I'm not claiming anything other than political agenda ambiguity. Right or left, we'd be in this moment, discussing currency debasement and globalization... on schedule and by design.

Mon, 01/03/2011 - 04:39 | 843746 arnoldsimage
arnoldsimage's picture

+1

Mon, 01/03/2011 - 02:22 | 843636 More Critical T...
More Critical Thinking Wanted's picture

 

Well, he is a billionaire "philanthropist" who came to be known as "the Man Who Broke the Bank of England" when he raked in a staggering one billion dollars during the 1992 "Black Wednesday" currency crisis.

An interesting fact is that after Soros forced the BOE to devalue the pound the UK economy rebounded and recovered strongly in the years to follow.

In that sense the UK should probably be grateful to Soros and $1 billion seems like a small fee for the benefits the UK got by being forced to abandon the stupid "strong pound" policy in an economic downturn (read: a scheme designed to rip off the middle class and redistribute too high real-value interest payments and capital gains as "benefits" to the rich).

(Compared to the tens of billions of dollars windfall profit that Wall Street insiders won in the 2008 financial crisis, aided and abetted by an impotent deregulatory republican administration and their right-wing billionaire backers like the Murdochs or the Koch brothers ...)

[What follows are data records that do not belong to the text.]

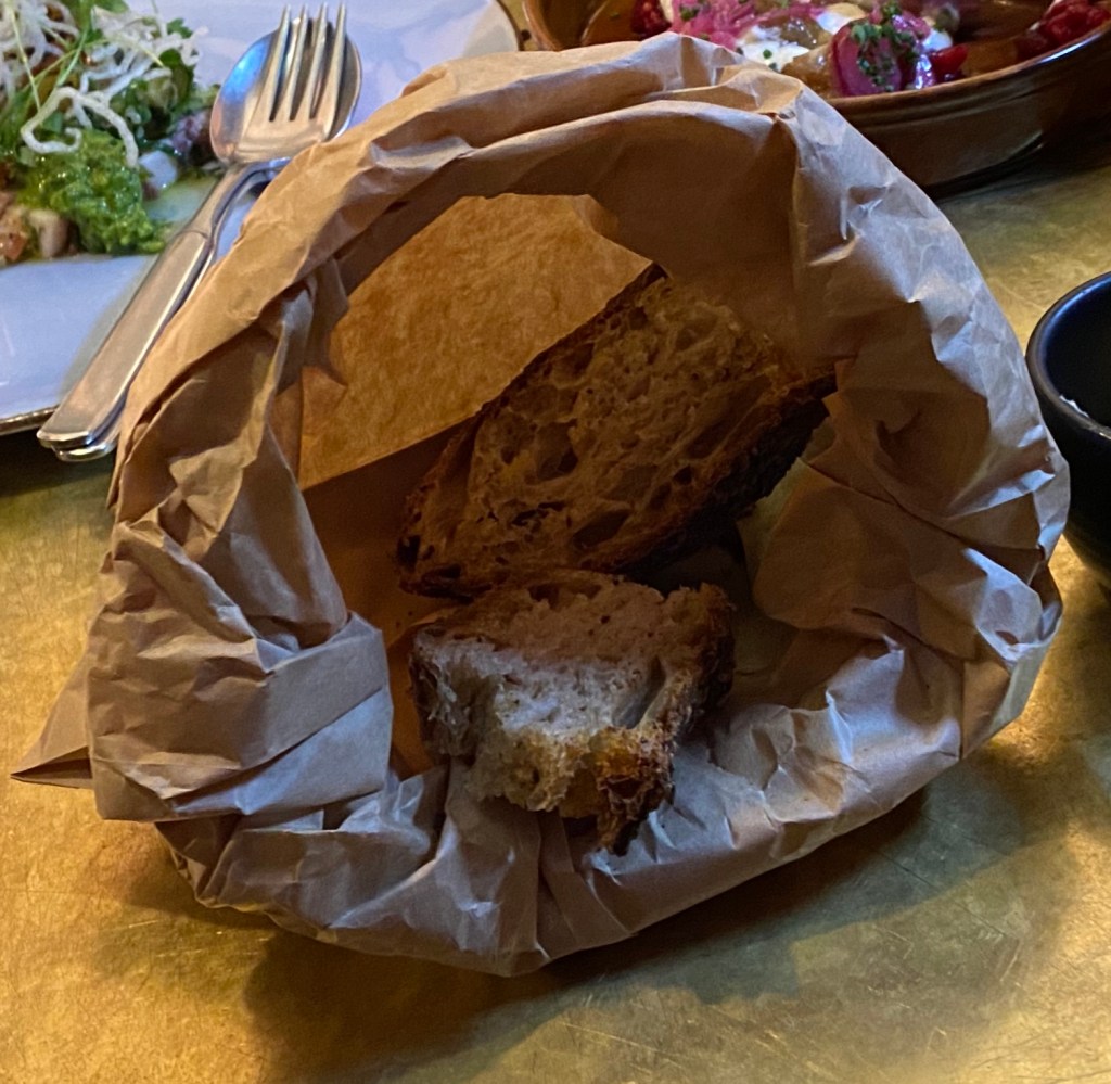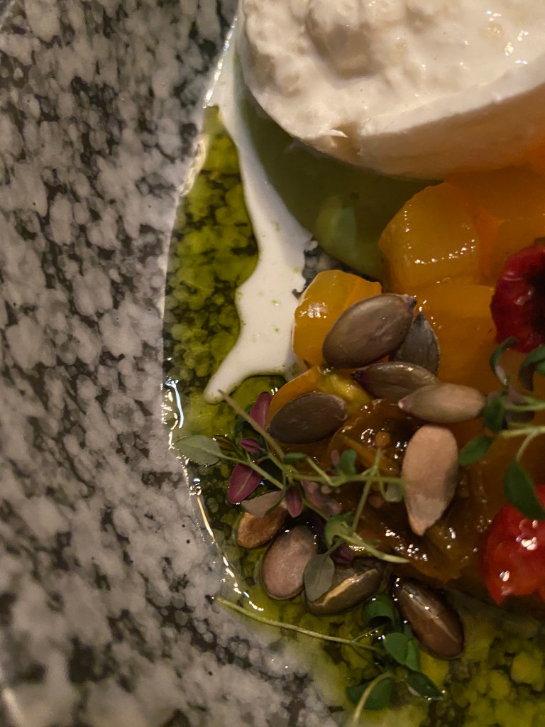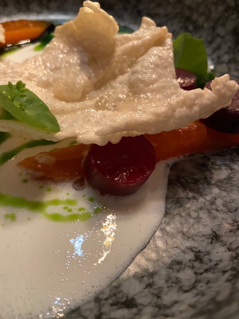 Maa-artisokka hurmasi heti. Kuoripäällinen ” mullasta nostettu juuresten timantti” oli paahdettu pehmeäksi sisältä. Haudutettua purjoa ja rapeita chipsejä, kermaista ja pehmeää, mutta ilmavaa piimäkastiketta. Lasiin pulppuilee kauniin väristä -Causse Marine Sy Rose- Rose viiniä syrah rypäleestä. N-A-M.
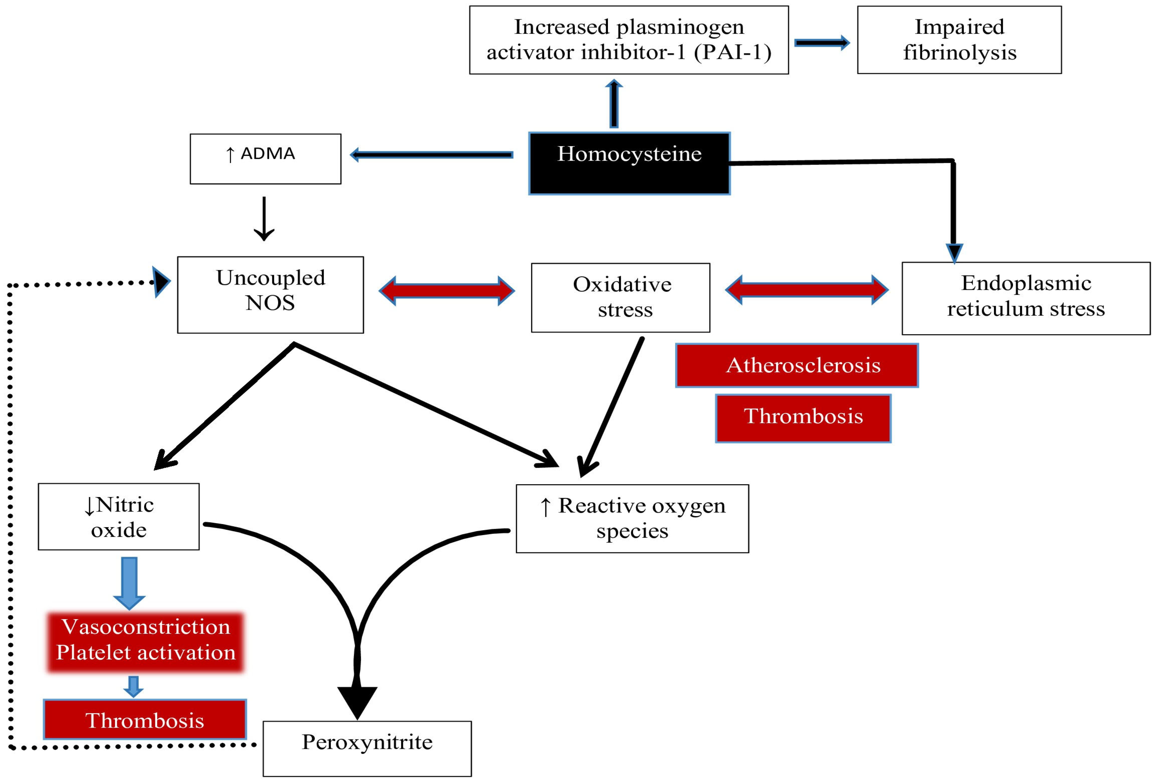 - ADMA-Mediated NOS Inhibition: Hcy promotes production of asymmetric dimethylarginine (ADMA), an endogenous nitric oxide synthase (NOS) inhibitor [56].
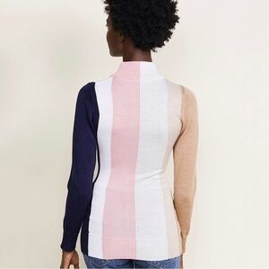 Paper London Dolly Wool Jumper Tonal Stripe Mock Neck Fitted Sweater in Pink / Ivory / Tan / Navy. Size tag has been removed, measurements suggest an XS.
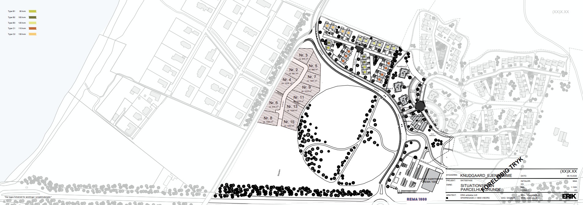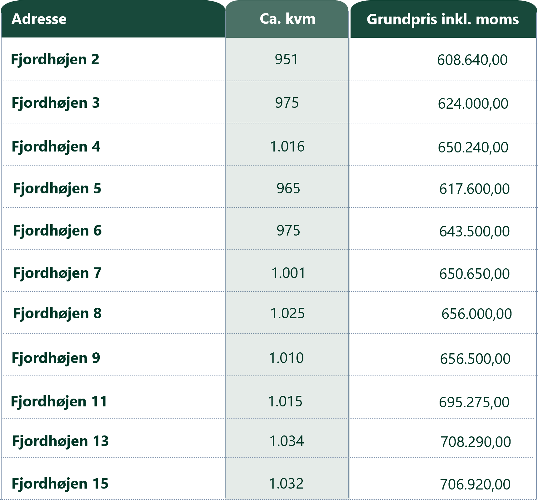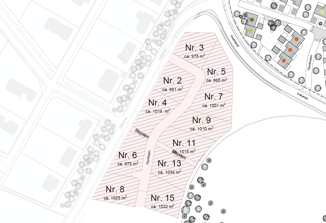 Nedenfor kan du se placeringer, grundstørrelser og priser excl. tilslutningsafgifter.

Contrary to right-wing "strong dollar" and "gold standard" propaganda, this is one of many examples where weakening a currency and having moderate levels of inflation can improve the competitiveness of an economy and can have very positive net economic effects all around. Passive savers/rent-seekers are penalized, active investors/inventors are rewarded. The UK, Sweden, Korea and Poland are all recent examples of that concept in action.

 

Mon, 01/03/2011 - 10:04 | 844058 Bob Sponge
Bob Sponge's picture

If Soros is a philanthropist, then I am the Dalai Lama. At least he is advertising the elite's agenda. A one-world currency would help the elite plunder the world like never before.

Mon, 01/03/2011 - 09:41 | 844006 casey13
casey13's picture

Contrary to your views the US now has a policy of currency devaluation. That is what the QE2 is all about. Print money to pump up the economy at the same time you devalue the currency and buy treasuries to try to hold interest rates down. The problem is that currency devaluation seems to be the only policy of most other governments in the world as well. The Chinese have a peg to the US dollar. Together they are the two largest economies. If they devalue the rest of the world will too.

This policy has been trid before and did not work.
http://financial-dictionary.thefreedictionary.com/Beggar-Thy-Neighbor

The second problem is that if they were successful then the price of all those imported goods would go up. This is inflation and will cause US interest rates to eventually rise. The US is so far in debt that even a small rise in rates could tip them into a debt spiral.